Work item: Leave the pictures out, and transcribe the material below exactly from the line with "PP1124-Chalkboard Vintage Ski's" to the line with "四个教工党支部通过表演合唱《", both lines included.

Given records:
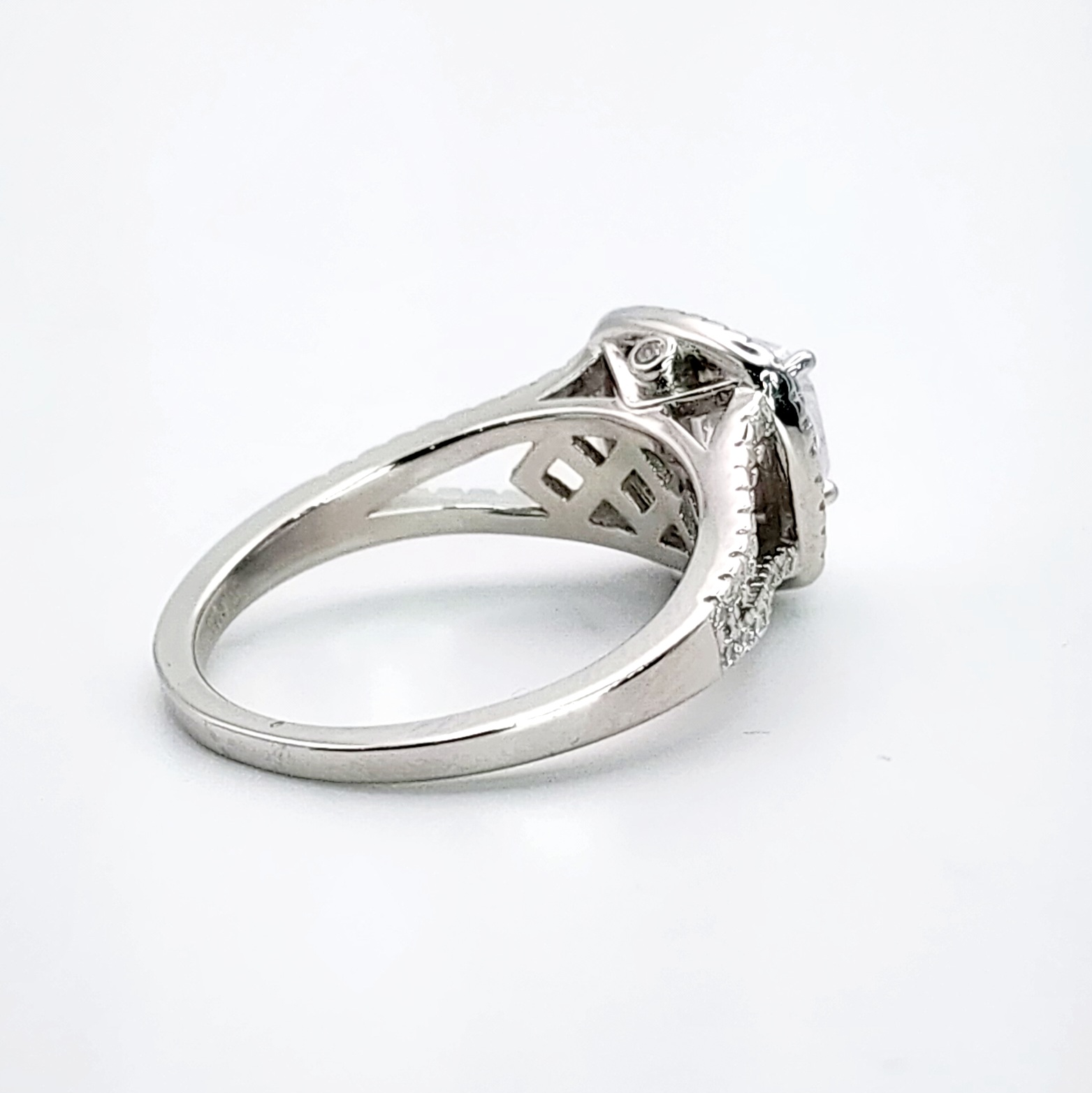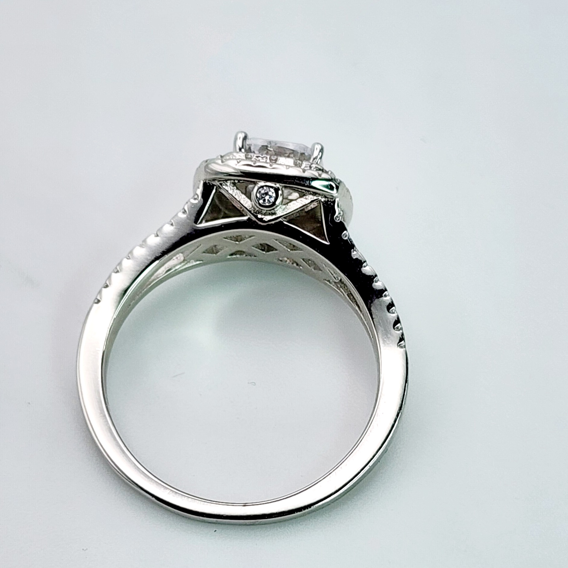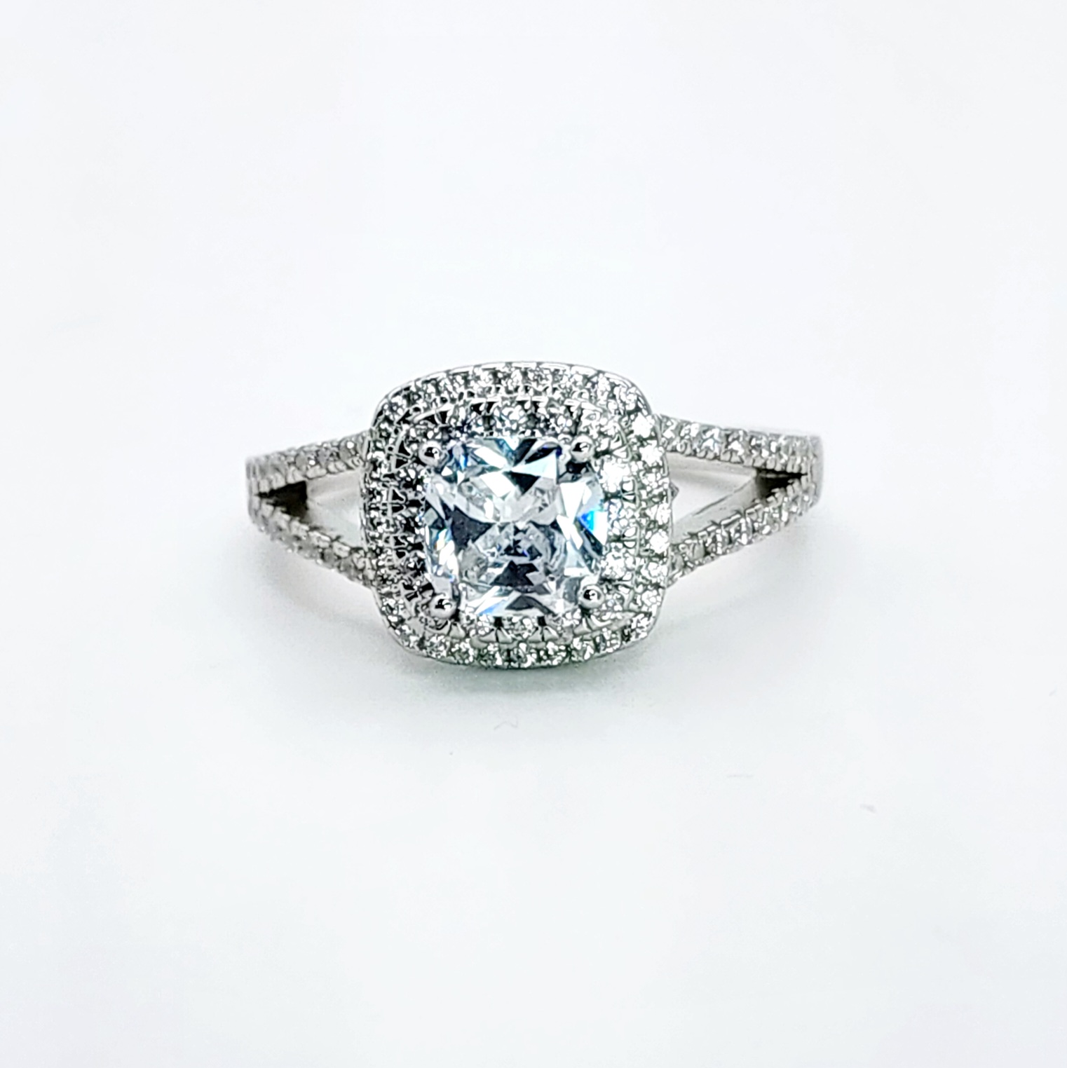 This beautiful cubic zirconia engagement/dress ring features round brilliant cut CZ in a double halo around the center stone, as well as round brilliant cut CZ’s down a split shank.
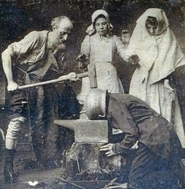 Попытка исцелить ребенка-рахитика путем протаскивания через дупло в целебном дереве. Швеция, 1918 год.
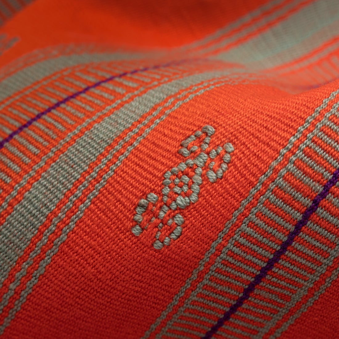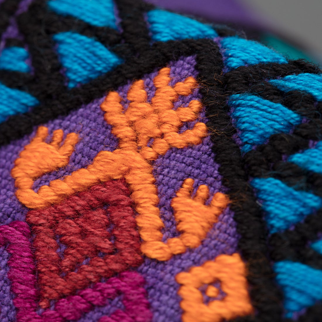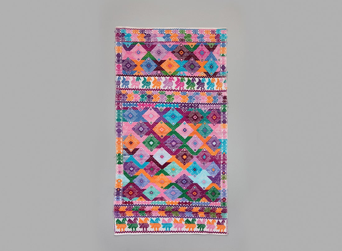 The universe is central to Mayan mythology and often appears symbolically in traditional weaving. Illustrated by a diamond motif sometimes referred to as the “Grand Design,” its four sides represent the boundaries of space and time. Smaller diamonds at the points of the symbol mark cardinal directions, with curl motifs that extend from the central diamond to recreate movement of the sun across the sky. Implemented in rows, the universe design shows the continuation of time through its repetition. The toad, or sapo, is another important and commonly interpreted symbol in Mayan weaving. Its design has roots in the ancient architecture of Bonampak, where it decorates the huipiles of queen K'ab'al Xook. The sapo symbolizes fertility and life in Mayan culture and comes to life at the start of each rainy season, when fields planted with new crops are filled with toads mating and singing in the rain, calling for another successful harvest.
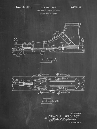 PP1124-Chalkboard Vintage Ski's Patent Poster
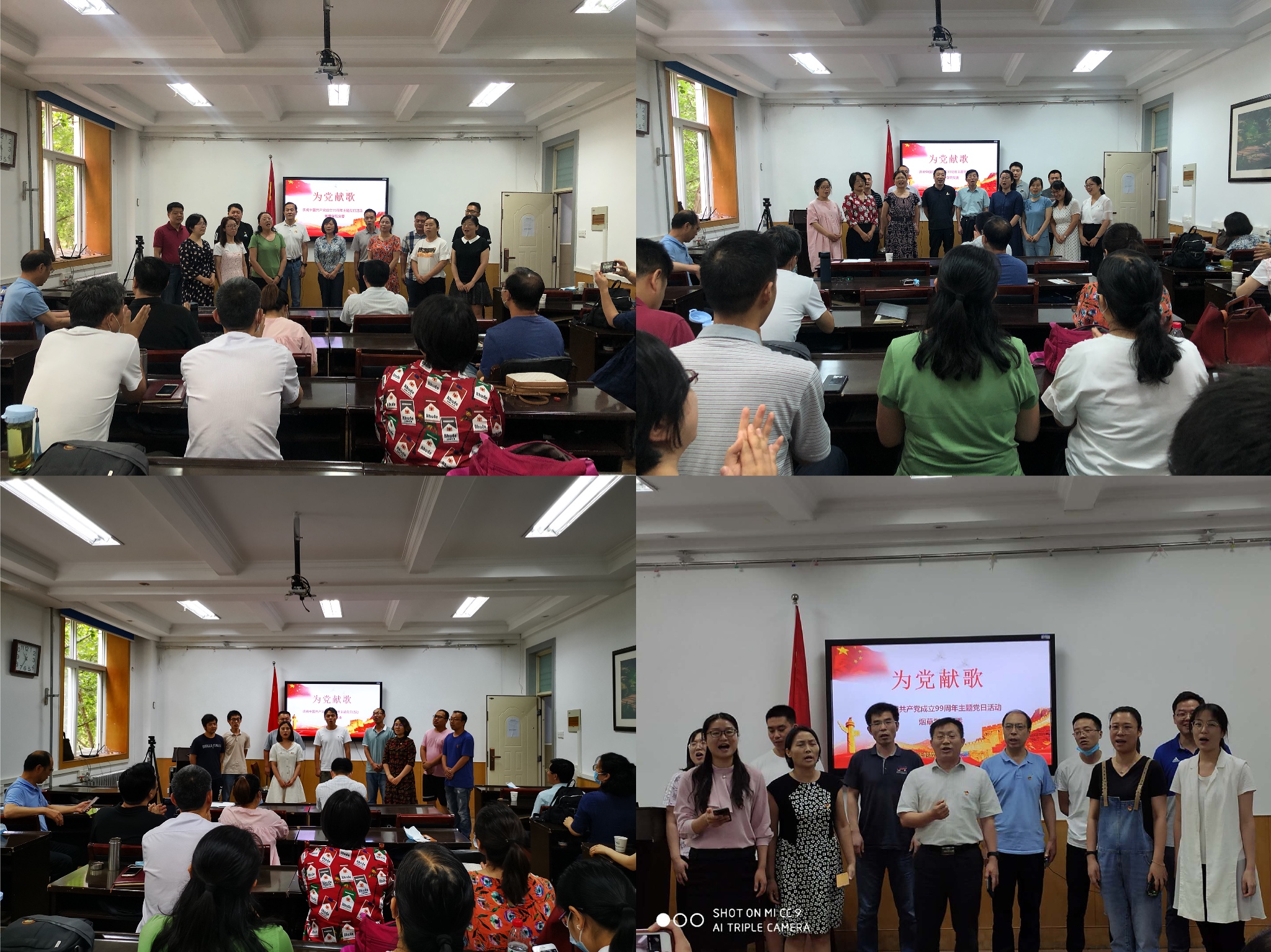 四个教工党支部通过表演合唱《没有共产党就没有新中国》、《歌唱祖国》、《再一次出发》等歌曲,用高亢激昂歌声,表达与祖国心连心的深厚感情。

--

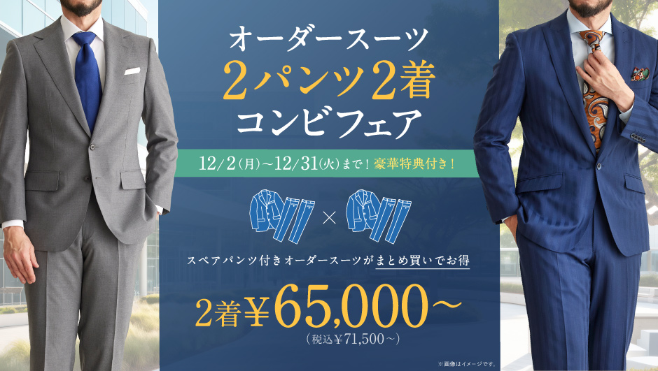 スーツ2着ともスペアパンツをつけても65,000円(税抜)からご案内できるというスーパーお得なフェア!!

Solution:
 PP1124-Chalkboard Vintage Ski's Patent Poster
 四个教工党支部通过表演合唱《没有共产党就没有新中国》、《歌唱祖国》、《再一次出发》等歌曲,用高亢激昂歌声,表达与祖国心连心的深厚感情。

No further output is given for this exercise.